----- Provided material
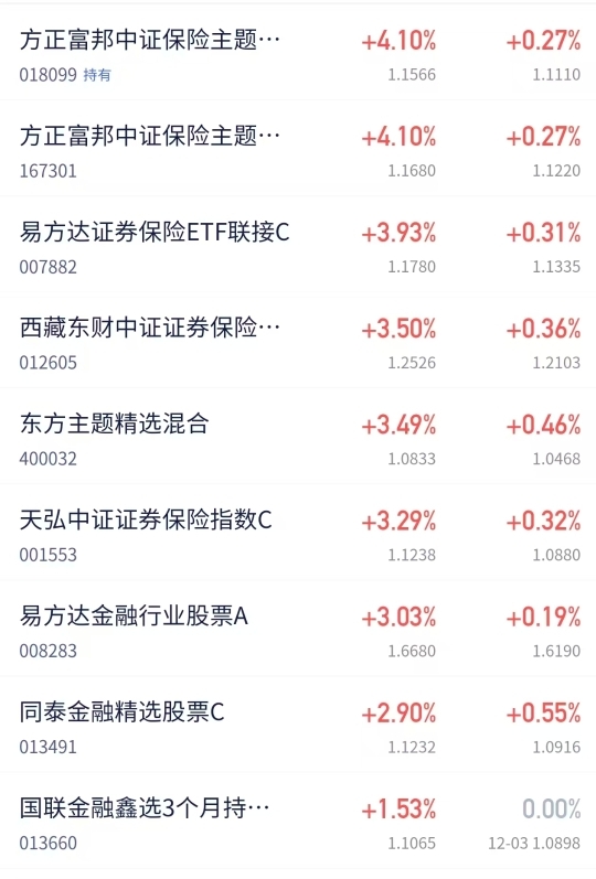 经济预期改善时,保险往往比银行反应更快。一方面投资收益随市场回升,另一方面居民保障需求也可能回暖。银行虽有股息支撑,但在行情启动初期,参与感相对较弱。$鹏华中证800证券保险指数(LOF)C$ 目前3.23%,$方正富邦中证保险A$ 上涨4.11%,$招商中证国新央企股东回报ETF发起式联接A$
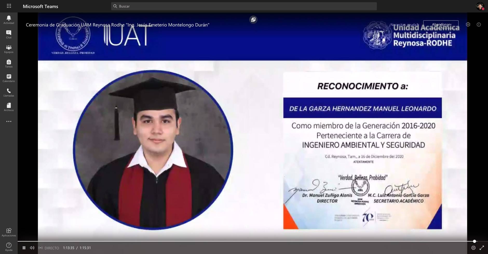 En el evento transmitido en la plataforma TEAMS, estuvo presente el Director de la UAMRR, Dr. Manuel Zúñiga Alanís; así como el Mtro. Luis Antonio García Garza, Secretario Académico; la Mtra. María de Lourdes Castillo Carrillo, Secretaria Administrativa y la Mtra. Lucía Terán Gutiérrez, Secretaria Técnica.
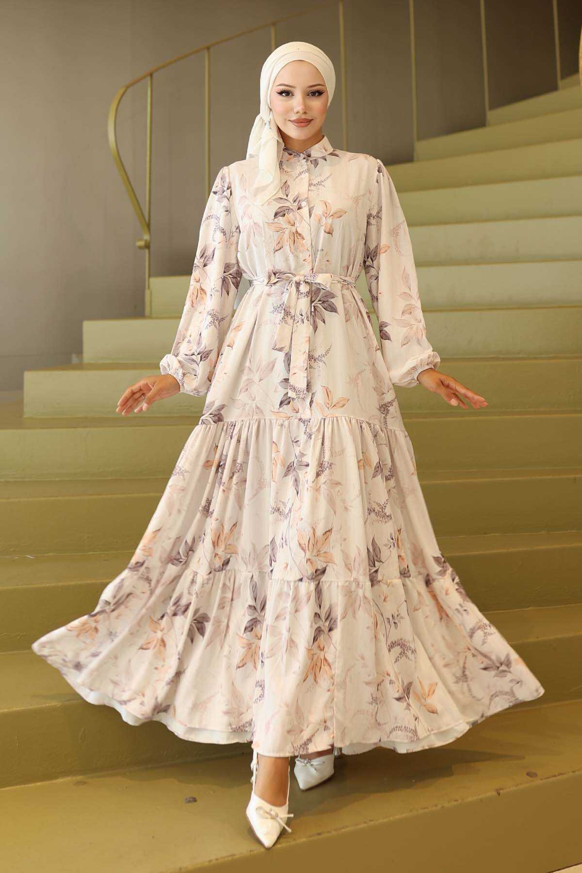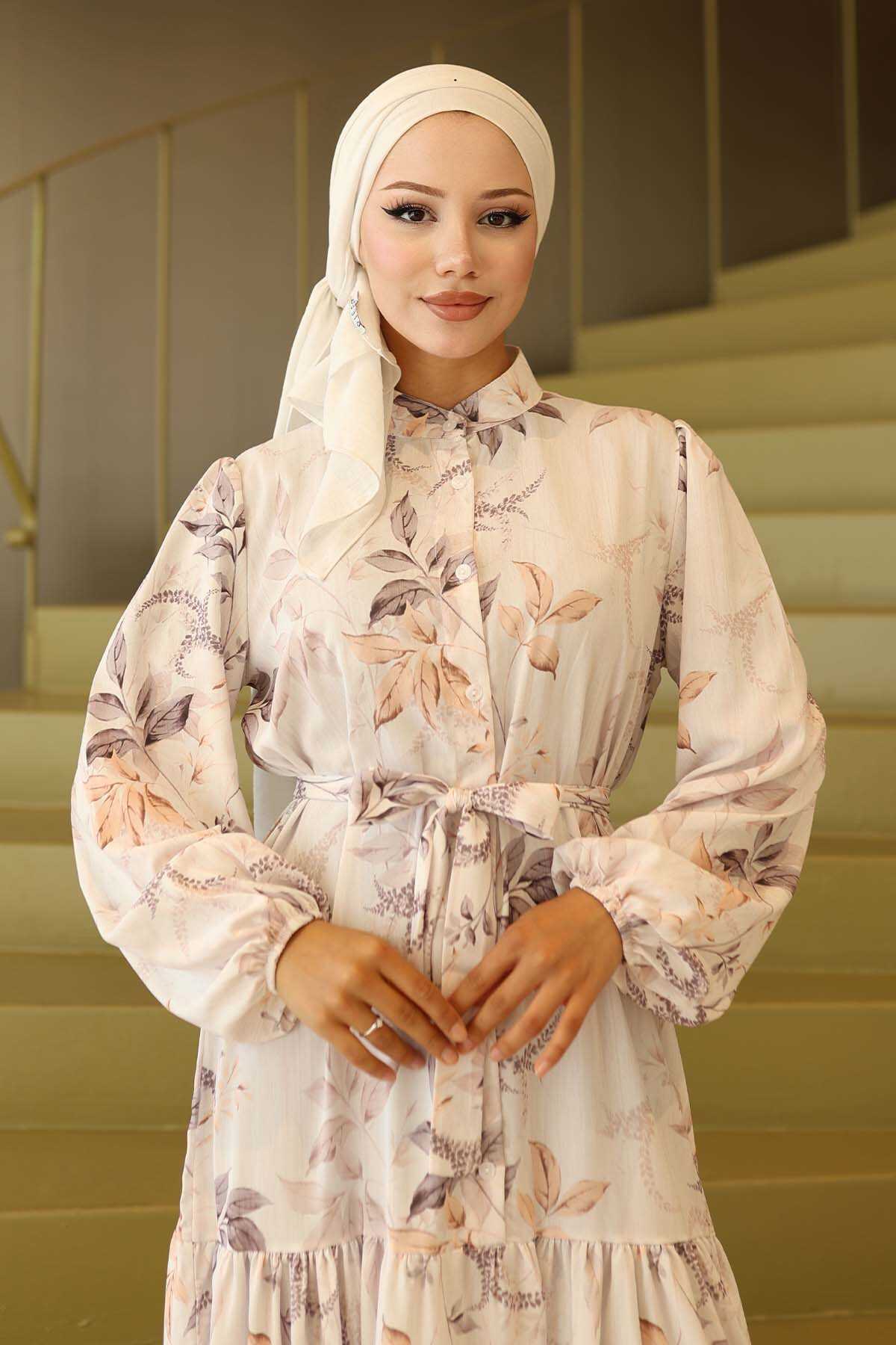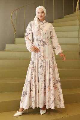 Kadın Desenli Uzun Tesettür Elbise 2586 - Krem - Kombin
----------
• _Requirement_
Reproduce the data above exactly, leaving out any picture in it.

• _Result for this exercise_
 经济预期改善时,保险往往比银行反应更快。一方面投资收益随市场回升,另一方面居民保障需求也可能回暖。银行虽有股息支撑,但在行情启动初期,参与感相对较弱。$鹏华中证800证券保险指数(LOF)C$ 目前3.23%,$方正富邦中证保险A$ 上涨4.11%,$招商中证国新央企股东回报ETF发起式联接A$
 En el evento transmitido en la plataforma TEAMS, estuvo presente el Director de la UAMRR, Dr. Manuel Zúñiga Alanís; así como el Mtro. Luis Antonio García Garza, Secretario Académico; la Mtra. María de Lourdes Castillo Carrillo, Secretaria Administrativa y la Mtra. Lucía Terán Gutiérrez, Secretaria Técnica.
 Kadın Desenli Uzun Tesettür Elbise 2586 - Krem - Kombin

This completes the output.